Positionen werden nicht mehr ein Werkleben lang besetzt, sondern man reiht nomadisch mehrere Berufsstationen und Berufsorte aneinander; die Vollarbeitszeit wird als lebensstrukturierende Kraft zunehmend in Frage gestellt.


Schon früh hat die Fotografie Zeugnis erbracht, unter welchen Bedingungen Menschen arbeiten. Beispielsweise durch die Werksfotografen, die das Innenleben einer Firma aus der Perspektive des Auftraggebers, der Geschäftsleitung, festgehalten haben, oder andersrum durch «freie» Fotografen, die mit ihrem persönlichen Aussenblick die Besonderheiten von Produktions- und Handelsorten dokumentierten.

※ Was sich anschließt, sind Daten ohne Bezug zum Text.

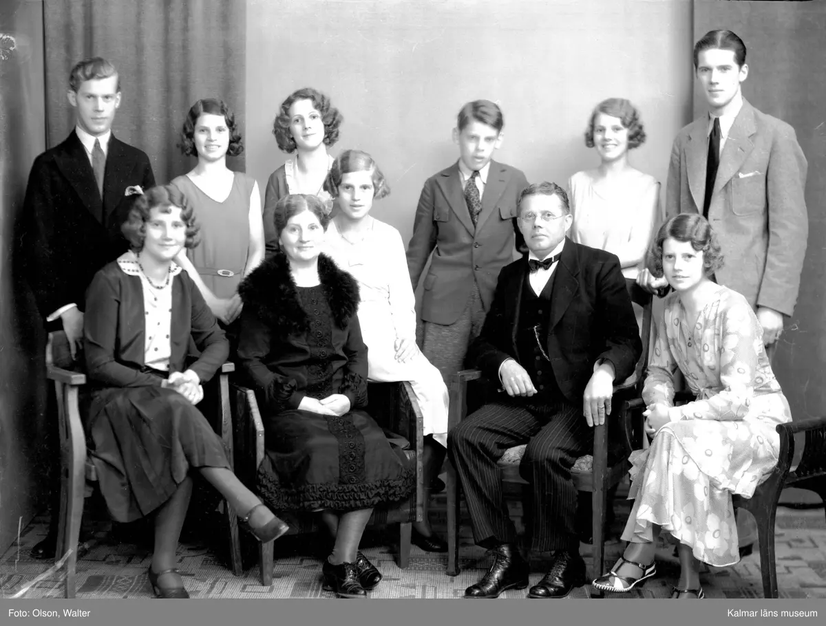 En gruppbild. Enligt Walter Olsons journal är bilden beställd av herr Dunge ifrån Norra vägen i Kalmar. Kalmar läns museum känner inte till om den personen är avbildad.

Die Ausstellung «Arbeit / Labour» wird historische Dokumentarfotografien und künstlerische Werke zeitgenössischer Fotografen in einen Dialog bringen. Diese Gegenüberstellung zeigt den fortschreitenden Wandel von der körperlichen Arbeit hin zur automatisierten Tätigkeit und zur Dienstleistung auf, bei denen dem Menschen lediglich Kontroll- und Verwaltungsfunktionen bleiben.


Mit Fotografien aus den Archiven «Von Roll», «Maag», «Haldengut», «SLM» und «Volkart» und mit Werken von Richard Avedon, Lewis Baltz, Joachim Brohm, Nicolas Faure, Andreas Gursky, Lee Friedlander, Hans Hansen, Sanna Kannisto, Sebastião Salgado, Joel Sternfeld, Jakob Tuggener, Bertien van Manen u.a. (fmw/mc/th)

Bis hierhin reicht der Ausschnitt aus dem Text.